Jewel Shepard: When it was time to film Trash’s big graveyard dance scene, up there with the road flares, I was just watching her dancing for just endless hours and I’m thinking “Thank god I don’t have that part” ha ha!

The producers would come and sit there and stare at her and “Oh damn she’s naked.” Like, yeah.

Linnea Quigley: I remember I was really happy because we weren’t under the rain machine so we were warm, and, of course being nervous about it.

I just made up the dance as I went and then I remember they were going around underneath me with the road flares, and the sulphur was making me a little bit dizzy because that is not the nicest smell, and of course it was going right up my nose.

And I remember them gluing the patch on me – the Barbie doll patch they called it – and that was odd, but I felt like I had something on at least.

Don Calfa: She wore a merkin, which is a fake pussy! It’s a fake pussy! It was a fake shaved pussy, somebody said to me “What’s a merkin?” and I said with a Texas accent “Well, a merkin is a fur piece from the real thang!”

I thought she was great. When she got up there, she was butt naked.

Bevery Randolph: Oh my gosh, yeah that was a shocker, because I had read the script but I didn’t expect Linnea to be that naked, and god bless her for it, just to have no inhibitions whatsoever, when we got up at night with the lights and the road flares and the smoke it was just amazing.

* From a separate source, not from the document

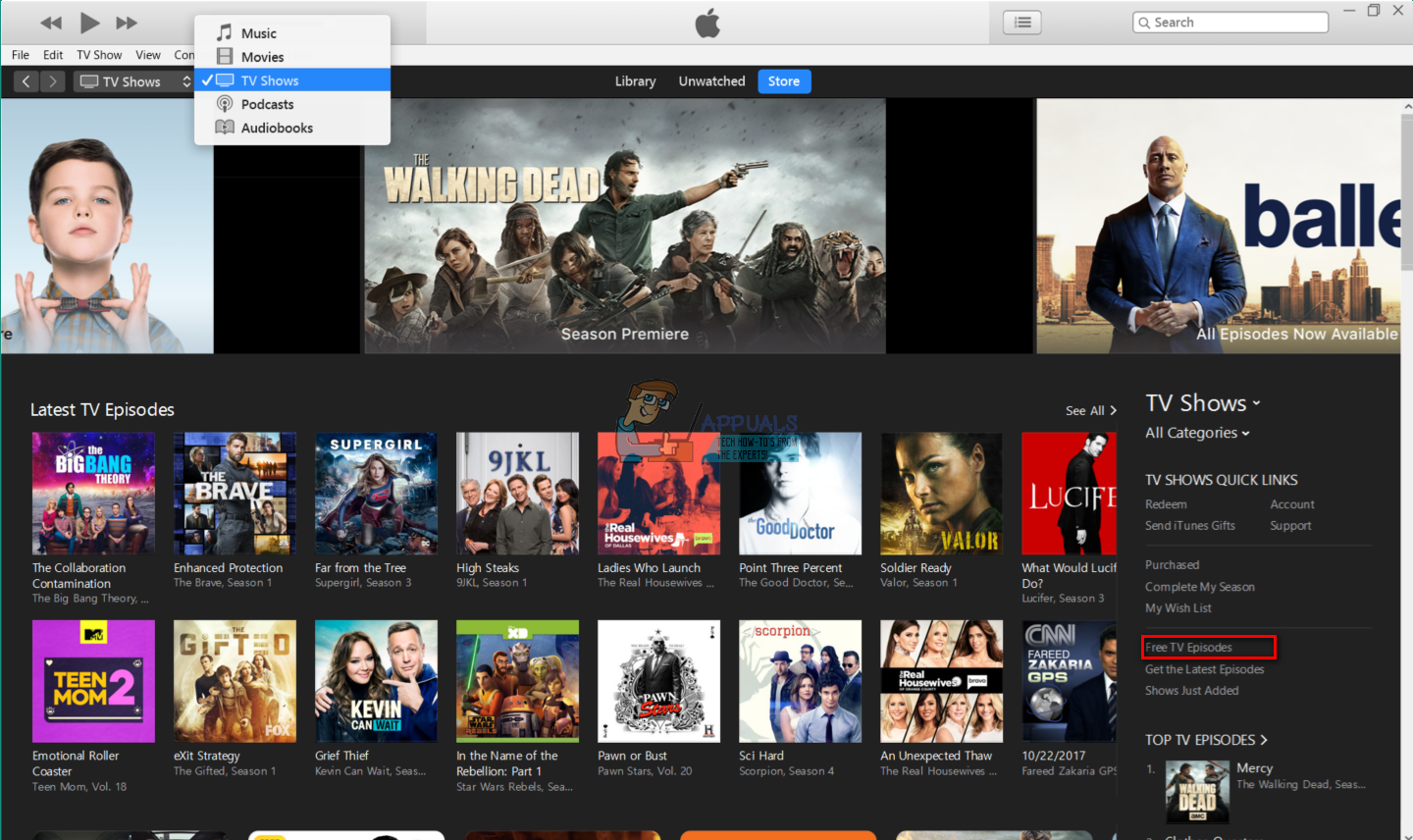 - Now go in the TV Shows section in the Store and click on Free TV Episodes.

It was an amazing scene, and the music that they were playing, I was like “Oh my gosh I can’t believe it!”

It was pretty neat, it doesn’t compare to these huge movies we do today, but at that time that was something special to see.

Brian Peck: At the time we shot it, of course I was dancing around in road flares whilst she was doing it, I just remember at the time thinking “Oh this’ll be cool, people will like this!”

If I did a movie now and did a scene like that in twenty twelve, I would be shocked. Because you know now if you see one set of boobs briefly in an R-rated movie it’s like “Wow! They went there” and it’s just so stupid because in the seventies and eighties you knew when you bought your tickets there was gonna be tits and ass and guys were gonna get naked and we were gonna see lots of it, it was gratuitous and it was why we went, you know?

Not to sound like a perv, but I like that stuff in those movies, and I just think it sort of sucks now that that has become more of a rarity, so I thought it was great and when she was doing it, you know Linnea was very sexy totally hot and she was up there dancing around and giving it the shimmy, and I just thought “This is a cool scene.”

Linnea Quigley: It was just filming as usual, I thought, it was actually a good night because there weren’t any rain machines and there were some fun scenes with Suicide pushing me aside, having some respect for the dead y’know? Tina being Tina being mad that I was on drugs y’know? It was just fun.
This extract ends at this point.